I think you should talk to your friend about it.
If your friend was a decent one, they wouldn’t want your girlfriend to cheat on you. they would want what is best for you both as a couple. and to do what he did is wrong.
I don’t think you should consider this person a friend anymore.
yep but u can’t help the way u feel n my friend just felt sumfin ma g/f n i don’t think u can help that….
srox wrote:
.. why would you pretend that you don’t know about it?
to not make it awarkd btwn us n it was valtines day lol
lol, so your friend wanted your girlfirend to cheat on you on valentines day of all days? I really don’t think that’s a good friend. But you and your girlfriend seem set on keeping this person in your lives, so in that case I suppose you should have everything out in the open. Talk about it… secrets will feed the negativity of this all. If you want to try and keep this friendship (although I wouldn’t be inclined to do so personally- but I respect your choice) then you guys should talk about it and deal with the problem now, to keep it from further damaging your relationships with each other in the future. Sometimes you like or love people, and they don’t like or love you back. Sometimes, you fall in love with a person who is unavailable (like your friend).. You have to be mature enough to let things go sometimes.
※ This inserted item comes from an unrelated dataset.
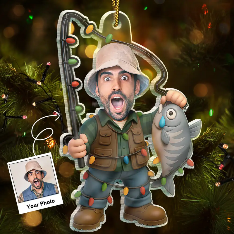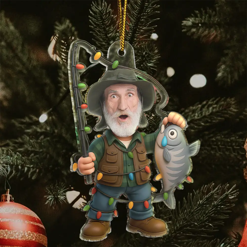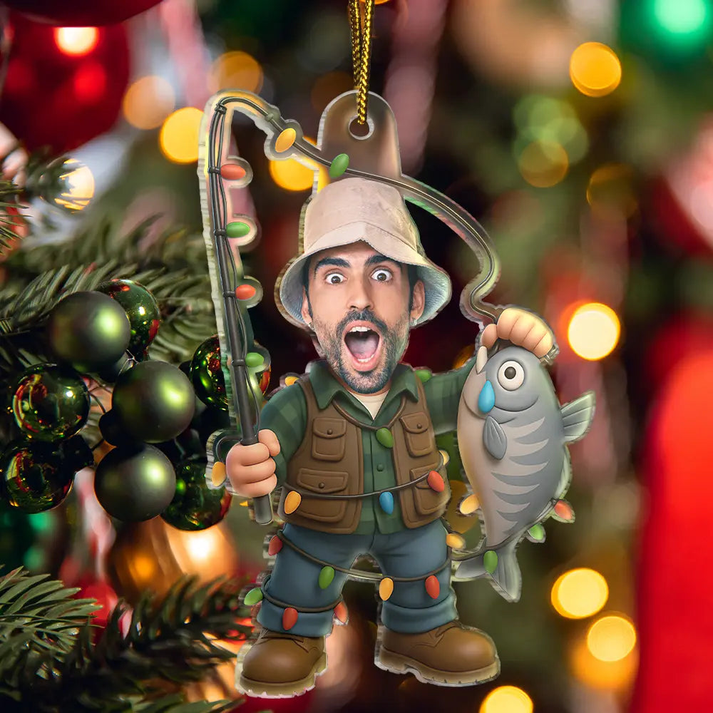 Custom Photo Funny Face Cut Fishing Man - Personalized Acrylic Photo Ornament
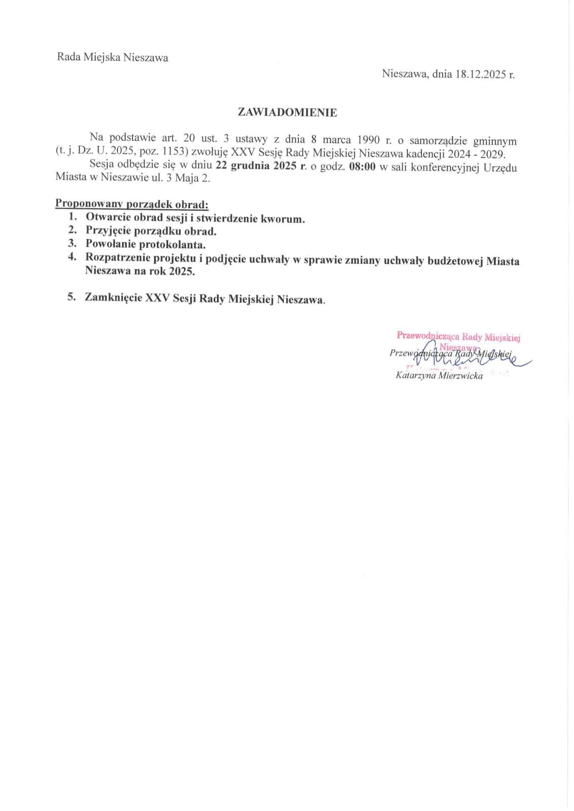 Zawiadomienie dot. Sesji Rady Miejskiej Nieszawa

I think you’re friend has to grow up a bit & learn to deal with unrequitted love. People don’t always get what they want and it doesn’t give him/her the right to try and damage the relationship between two of his/her closest friends. Your friend should want you and your girlfriend to be happy & not get in the way of your happiness! Good Luck.
and yes, people may not always be able to help how they feel… but they CAN always help how they ACT. & how your friend acted was wrong. Your friend had control of his/her actions.
thanks srox
i’ll talk to my friend
ur a grest help xx
soz ment great! xx
q)
anyone know what words i should use to confort my friend about it??